И тут до меня доходит.
— Ты ревнуешь, что ли? — не верю я своей догадке. — Да? Ревнуешь?
Карл молчит, но его тело говорит лучше слов: он сжимает меня в объятиях до хруста, до боли, а я радуюсь этому, потому что так могу чувствовать, что он со мной.
— Карл… я люблю тебя. Просто потому, что ты такой существуешь. Не за прошлое, понимаешь? Не в знак благодарности. Просто люблю и совсем не хочу ничего менять. Ты нужен мне, весь без остатка.

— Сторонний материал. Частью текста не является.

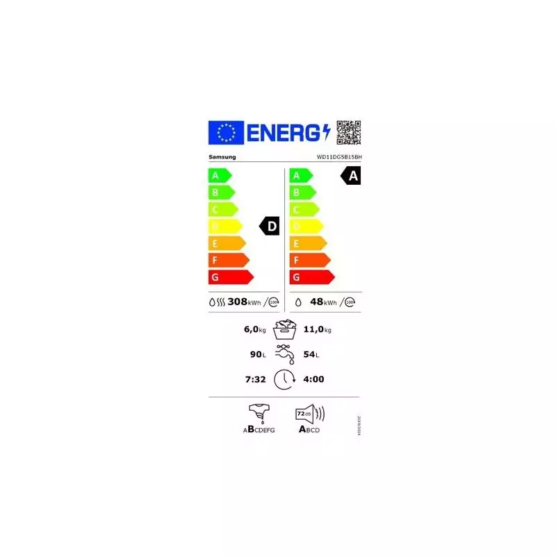 Samsung Lave-linge séchant AI ecobubble™ 11+6kg - WD11DG5B15BH. Type de chargement: Charge avant, Placement de l'appareil: Pose libre, Couleur du produit: Blanc. Capacité nominale (lavage et séchage): 6 kg, Vitesse d'essorage maximale: 1400 tr/min, Classe d'efficacité d'essorage: B. Classe d'efficacité énergétique (lavage): A, Classe d'efficacité énergétique (lavage et séchage): D, Consommation d'eau de lavage: 54 L. Technologies Samsung (soins du linge): SmartThings, ecobubble™. Profondeur: 600 mm, Largeur: 600 mm, Hauteur: 850 mm
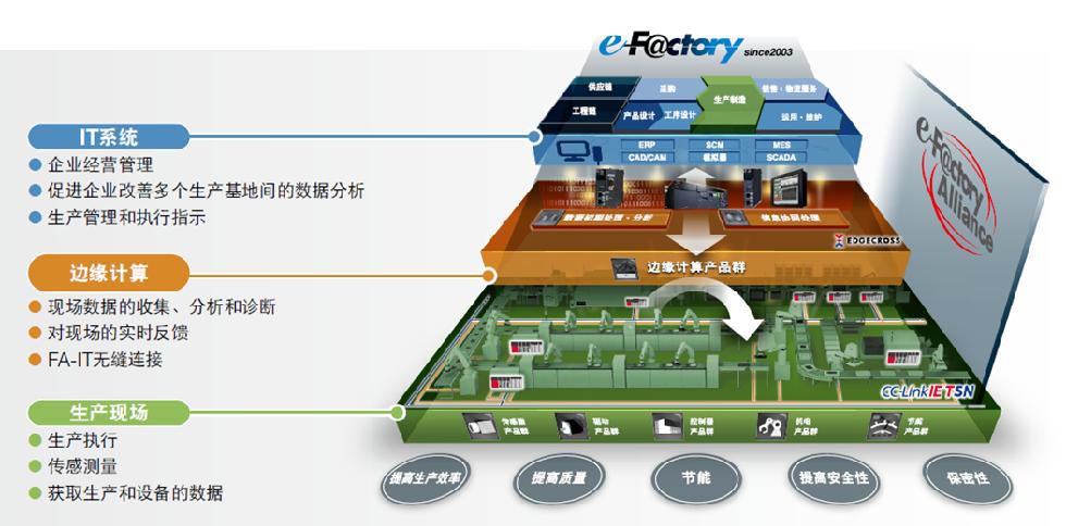 三菱电机FA-IT综合解决方案,通过联合Edgecross边缘计算领域软件平台,加速生产现场的各类工序的优化。

Слышишь меня? Нужен.
— Любит она, — говорит, склонившись к моему уху, а у меня мурашки от обжигающего кожу дыхания. — Меня? Я же недостоин. Это же из-за меня твой бар сожгли. Понимаешь? Из-за меня.
— Отремонтируем. Слышишь меня? Всё можно исправить, всё. Главное, захотеть.

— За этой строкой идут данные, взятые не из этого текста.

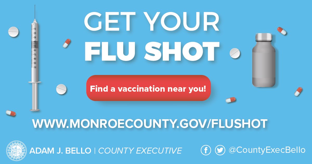 Cap off National Influenza Vaccination Week by getting your yearly flu shot! Monroe County is excited to be partnering with organizations from throughout the community with a goal of getting 80% of residents vaccinated. Find the perfect site for you at https://www.monroecounty.gov/flushot pic.twitter.com/s8JEkN54TQ

— И ты хочешь быть со мной? Несмотря ни на что… просто быть.
— Я и так с тобой. С первого взгляда. Всё, что было между встречами — было прекрасно. Но только рядом с тобой я чувствую себя счастливой. Бесконечно и безгранично.
— Блядь, Маргаритка. Выходи за меня. Без тебя я сдохну.
Он выдыхает это мне в губы и, не дав ничего ответить, целует: жадно, напористо, вкладывая всю боль прожитых лет и предвкушение будущего счастья.
И я отвечаю на поцелуй, подаюсь вперёд, потому что всё, что мне нужно сейчас: мой Ворон.
Эпилог
У ног плещется море, лижет ленивыми волнами голые стопы, вязнущие в прибрежном песке, а ветер треплет волосы, забирается под рубашку, щекочет кожу. Я смотрю на восходящее солнце, впервые наплевав на боль и жжение в глазах. Пока оно не взошло высоко, я могу им любоваться. Пока ещё могу.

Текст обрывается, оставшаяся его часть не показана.